# Lotus Elise Mk2 / PCP HP etc...



## r1 (Oct 31, 2002)

I'm gonna have to get one. Possibly this weekend - maybe next month.

Does anyone have any real driving experience of them??

Also, I've only ever paid cash for cars before but this ones gonna be financed somehow so I guess PCP or HP or something will be the order of the day. What am I looking for in these types of contracts...

Many thanks


----------



## kmpowell (May 6, 2002)

R1 my friend, is that you in the sig link? If so, pop your photo on your sig as im sure it will piss certain people off more than your bike. 

As for the Elise, it might be worth you getting hold of some back copies of Evo as they have had a MK1 on road test for 12 months and have just taken delivery of a MK2 for road test.

Cheers


----------



## sam (May 7, 2002)

Had a bog standard S1 Elise for 4 years, briliant fun and with some care in the wet, an everyday car (and I'm a crap driver). Just replaced it with an S2111S which I'm yet to run in so can't really compare the two yet. Better build quality and noisier (sports exhaust).

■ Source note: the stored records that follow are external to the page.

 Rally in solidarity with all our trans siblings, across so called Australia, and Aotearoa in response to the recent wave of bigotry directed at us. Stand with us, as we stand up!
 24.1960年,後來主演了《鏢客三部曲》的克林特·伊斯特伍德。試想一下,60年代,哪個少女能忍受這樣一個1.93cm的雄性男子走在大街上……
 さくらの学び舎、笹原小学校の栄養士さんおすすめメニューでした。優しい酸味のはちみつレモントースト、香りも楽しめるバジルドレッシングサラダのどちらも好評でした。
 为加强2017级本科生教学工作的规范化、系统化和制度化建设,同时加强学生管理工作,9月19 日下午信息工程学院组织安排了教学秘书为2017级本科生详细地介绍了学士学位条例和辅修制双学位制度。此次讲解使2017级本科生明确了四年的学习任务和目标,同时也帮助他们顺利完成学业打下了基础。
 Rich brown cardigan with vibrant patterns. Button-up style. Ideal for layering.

My advice, is just get one. The TT feels like a transit van after the Elise.

Sam

Oh, and I found out this morning, that the S2 soft top leaks just as much as the S1. But who cares.


----------



## ir_fuel (Jan 10, 2003)

can u use an elise for day-to-day driving and doing e.g. 25.000 km/year without it being at the dealer every 3 months for stuff which needs fixing???
Isnt it a too hard ride for long distances and so on?


----------



## thorney (May 15, 2002)

Well I'm obviously biased for the VX  but drive a few back to back to get the feel for them, they can feel quite different.

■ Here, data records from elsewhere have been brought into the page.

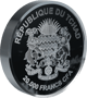 Die Vorderseite der Münze zeigt einen eindrucksvollen Löwen mit aufgerissenem Maul, umgeben von einer detaillierten Steppenlandschaft, die einen Berg, typische Bäume und einige Elefanten zeigt. Die Szenerie wird durch den Schriftzug "African Safari II" und eine individuelle Nummerierung vervollständigt, die jede Münze zu einem Unikat macht. Auf der Rückseite wird das Wappen der Republik Tschad präsentiert, ergänzt durch den Nennwert von 5.000 Francs.
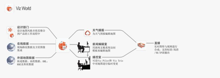 工作在模板上Viz World 可以让制片人、记者和操作人员在任何图形模板中使用地图和地理信息。Viz World 整合了大量的 Vizrt 产品,像 Viz Pilot 、Viz Trio、 Viz Weather、MAM 和在线工作流程。通过编辑地图元素,用户可以改变地图位置,添加三维物体和动画标签,展示街道和交通信息,显示所选地 区卫星图片,创建位置导航,设计全动画的实时三维地图。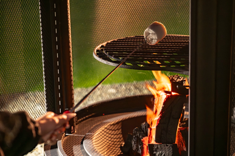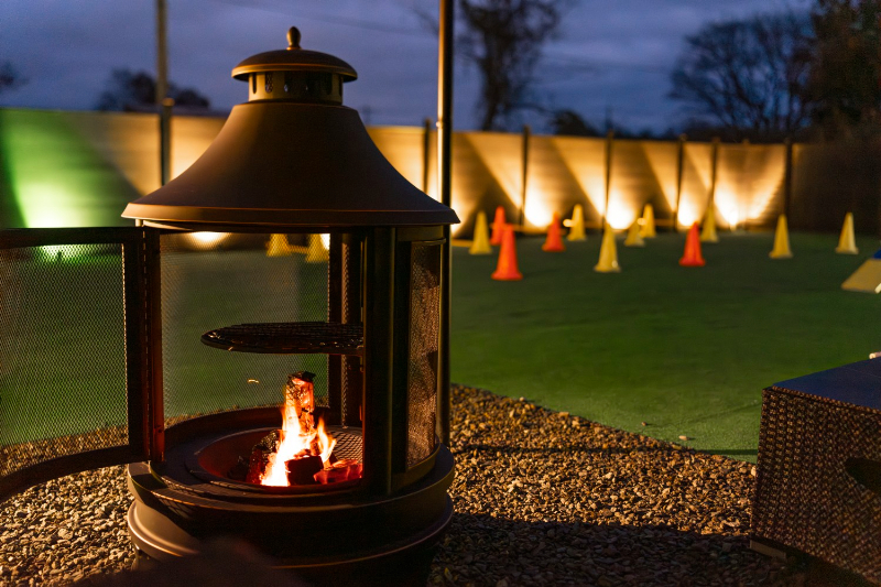 ワンちゃんがのびのび遊べるガーデンスペースでは、夜になると頭上にきれいな星空が広がる。満天の星空の下、焚き火を囲んでゆったり過ごす時間もおすすめだ。琵琶湖の風を感じながら、愛犬と一緒に穏やかな夜のひとときを過ごすことができる。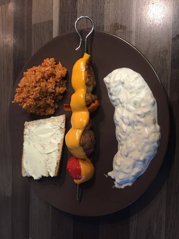 - Spieß auf den Teller platzieren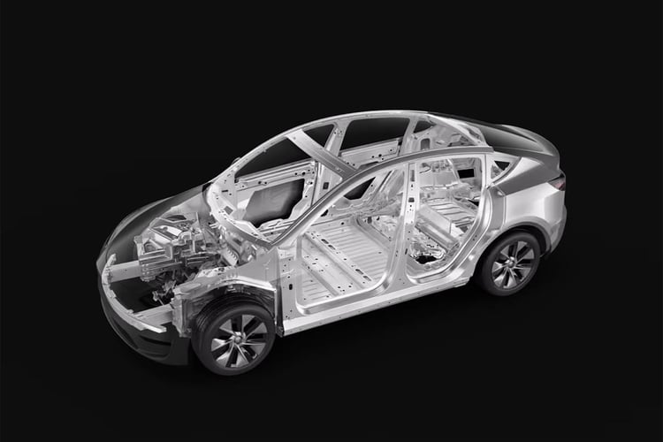 Le Tesla Model Y reprend donc la plateforme de la Model 3. Près de 75 % des pièces sont partagées entre les deux véhicules, notamment au niveau des parties techniques (moteurs, batterie, châssis…), mais aussi à l’intérieur. À l’extérieur, les choses évoluent un peu plus, et le profil de madeleine devient un peu plus marqué.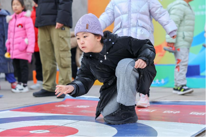 During the competition, the children raced to slide the stones towards the target area, and the cheers from the audience came in waves, bringing the dual Olympic cultural event to a climax.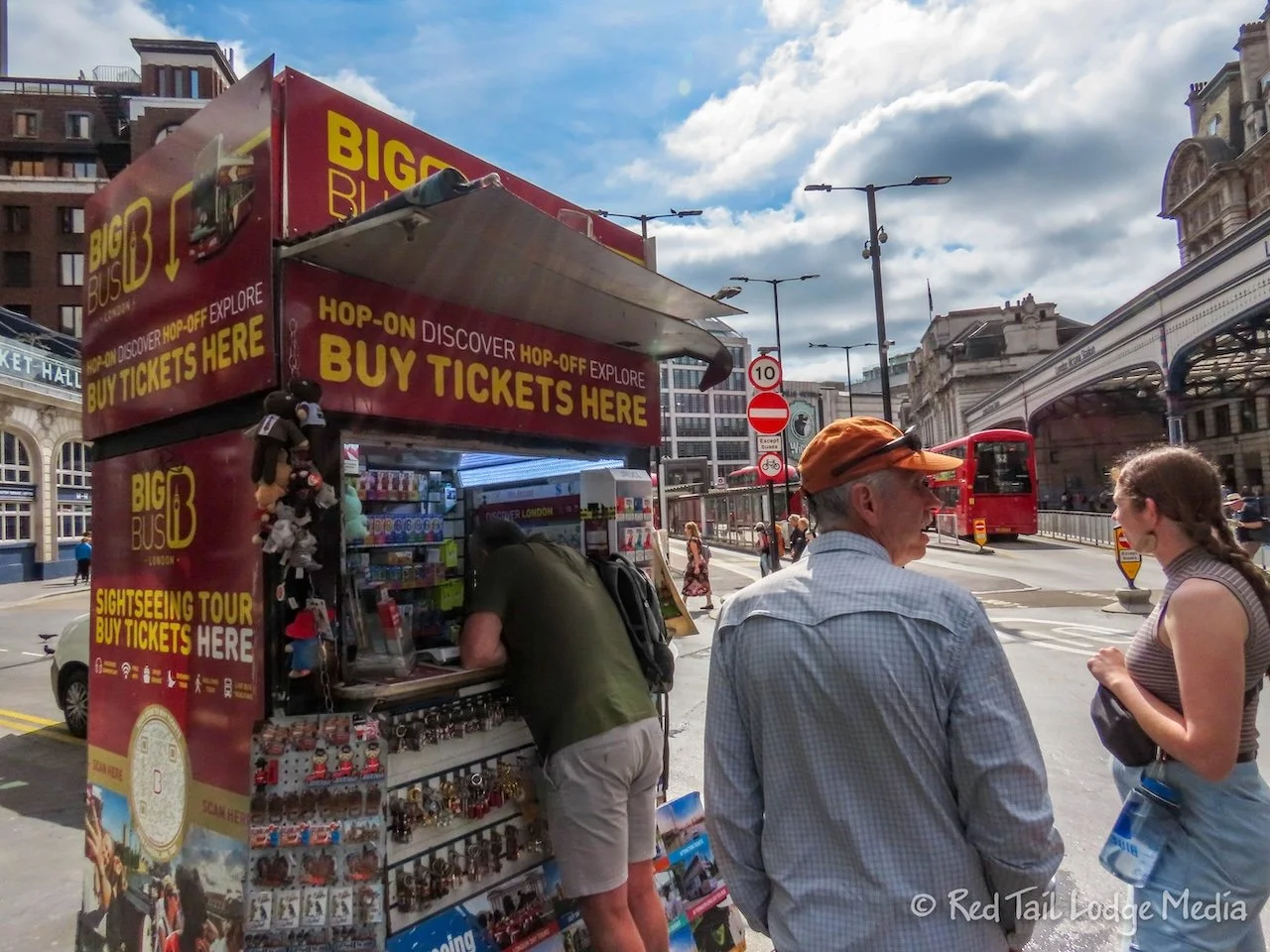 Not far from our hotel, near Victoria Station, were bus stops for the various hop on-hop off buses. There are quite a few different companies that offer one. We chose the Big Bus. On hop on-hop off buses we’ve been on before, you usually can buy tickets from the bus driver. However, we tried to do that this time, but the bus driver doesn’t sell them. He directed us to a little news stand down the block to purchase tickets. There are several tour routes along with extras for things like a boat tour. We just bought the 1 day ticket for the Red Route. The person at the booth said there was a sale that day, so we only paid 29 GBP per person. That is the same price we could have purchased them online, even though they list the full price as 43 GBP.

As far as finance is concerned I'd get straight HP but with balanced payments (means you're paying back the principle from day 1 not just the interest as with PCP/HP).

I have a contact at Lombard who looks after me and has sorted loads of mates with good deals, give him a call and mention John Thorne recommended him. His name is Matthew Jones (ask for Paul if Matthew isn't there) on 02920 746000.

I'm not connected to LOmbard in any way just think a good service is worth recomending.


----------



## sam (May 7, 2002)

Most of my driving is short distances on windy roads, but not all. For long distances, I have no trouble but the seats don't adjust (except for sliding forwards/backwards) so if you don't like the fit, there's not much you can do. Five hours in one continuous stretch is the most I've done (and done that several times). I get knee ache, but that happens in the TT too. The S2 seats are softer.

Must admit, I didn't have entirely trouble free motoring and would advise anyone who doesn't live reasonably close to a main dealer to think very carefully. Fortunately for me, the dealer is only 6-7 miles from home.

Before getting the S2, I tried a Boxter S on long term demo which I thought a fantastic drive. I had pretty much decided to get one until I dropped it off and picked up my S1. I found out then that I knew I could live with a Boxter, but couldn't live without an Elise.

Sam


----------



## r1 (Oct 31, 2002)

Thanks guys - I'll get a few copies of Evo in when I see them and give your guy at Lombard a shout - thanks Thorney. 8)

Well, I'm going to test drive one tomorrow hopefully - I'll update you over the weekend/monday on how it goes.

R1

PS - Kev, what did you mean abou the photo???


----------